MONTH 5 — Databases & Applied ML
CS
- SQL basics
- CRUD operations
- Data modeling basics
Math
- Probability fundamentals
- Random variables
- Mean & variance
- Basic distributions
ML
- Decision Trees
- Overfitting & underfitting
- Cross-validation
Project
Build:
- Python app connected to SQL database
- Decision tree classifier using scikit-learn
Goal:
Move from theory to applied data systems.
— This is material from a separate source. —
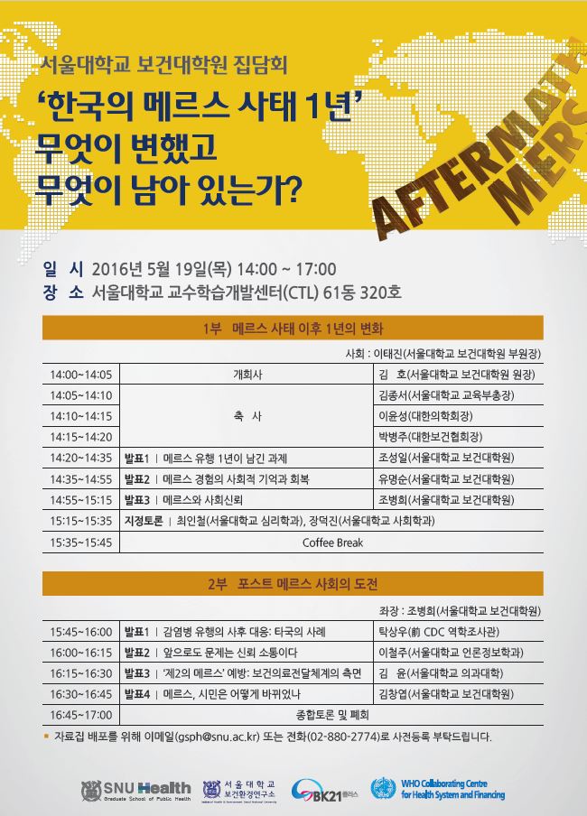[서울대보건대학원]한국의 메르스사태 1년 무엇이 변했고 무엇이 남아있는가?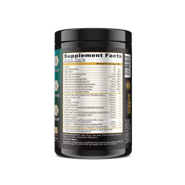 - Choline L-Bitartrate: Choline is vital for brain health and cognitive function. It supports memory and focus while also promoting fat metabolism.

MONTH 6 — Mid-Year Integration
CS
- Refactor older projects
- Clean architecture basics
- Code organization
- Testing basics
Math
- Conditional probability
- Bayes theorem
ML
- Random Forest
- Feature engineering basics
Project
Major project:
- Student performance prediction system
- Data cleaning
- Feature engineering
- Model training
- Evaluation
Goal:
Full ML workflow implemented.
Checkpoint:
You should be able to explain:
- Gradient descent
- Overfitting
- Time complexity
- Basic probability
MONTH 7 — Advanced Algorithms
CS
- Heap
- Priority Queue
- Advanced recursion
- Divide & conquer
Math
- Eigenvalues (intro)
- Eigenvectors (intuition level)
ML
- Regularization (L1, L2)
- Bias-variance tradeoff
Project
Build:
- Heap-based task scheduler
- ML model with regularization comparison
Goal:
Start thinking in optimization terms.
MONTH 8 — Numerical Thinking
CS
- Advanced problem solving
- Coding interview-style problems
- Complexity optimization
Math
- Matrix decomposition intuition
- Linear transformations visualized
ML
- k-Nearest Neighbors
- Distance metrics
Project
Build:
- KNN classifier from scratch
- Compare models performance
Goal:
Comfortable implementing algorithms independently.
MONTH 9 — Real Data Work
CS
- File parsing
- Data pipelines basics
- Modular code structure
Math
- Standard deviation
- Variance deeply
- Statistical intuition
ML
- Data preprocessing
- Normalization
- Handling missing data
Project
End-to-end ML pipeline:
- Load dataset
- Clean data
- Train models
- Compare results
Goal:
Operate like a junior ML engineer.
MONTH 10 — Mini System Design
CS
- Basic system design principles
- API basics
- Modular architecture
Math
- Review & strengthen weak areas
ML
- Hyperparameter tuning
- Grid search
- Cross-validation deeply
Project
Deploy simple ML model as API (Flask/FastAPI)
Goal:
Understand production thinking.
MONTH 11 — Integration & Speed
CS
- Solve 3–4 algorithm problems weekly
- Optimize older code
Math
- Consolidation month
ML
- Ensemble methods
- Compare all models studied
Project
Capstone:
- Full ML system with UI or API
- Clean code
- Documentation
- GitHub portfolio polished
MONTH 12 — Mastery Consolidation
Review:
- All data structures
- All algorithms learned
- All ML models
Major Final Project:
Design something meaningful in your environment in Uganda:
- Agriculture prediction
- Education performance model
- Traffic analysis
- Local business analytics
Make it real.
Document everything.
End of Year 1 Outcome
If executed seriously, you will have:
- Strong Python ability
- Real understanding of algorithms
- Linear algebra & probability foundation
- 8–12 solid projects
- Real ML intuition
- Public GitHub profile on GitHub
- Growing authority on LinkedIn (weekly posts)
This is stronger than most university Year 1 CS students globally.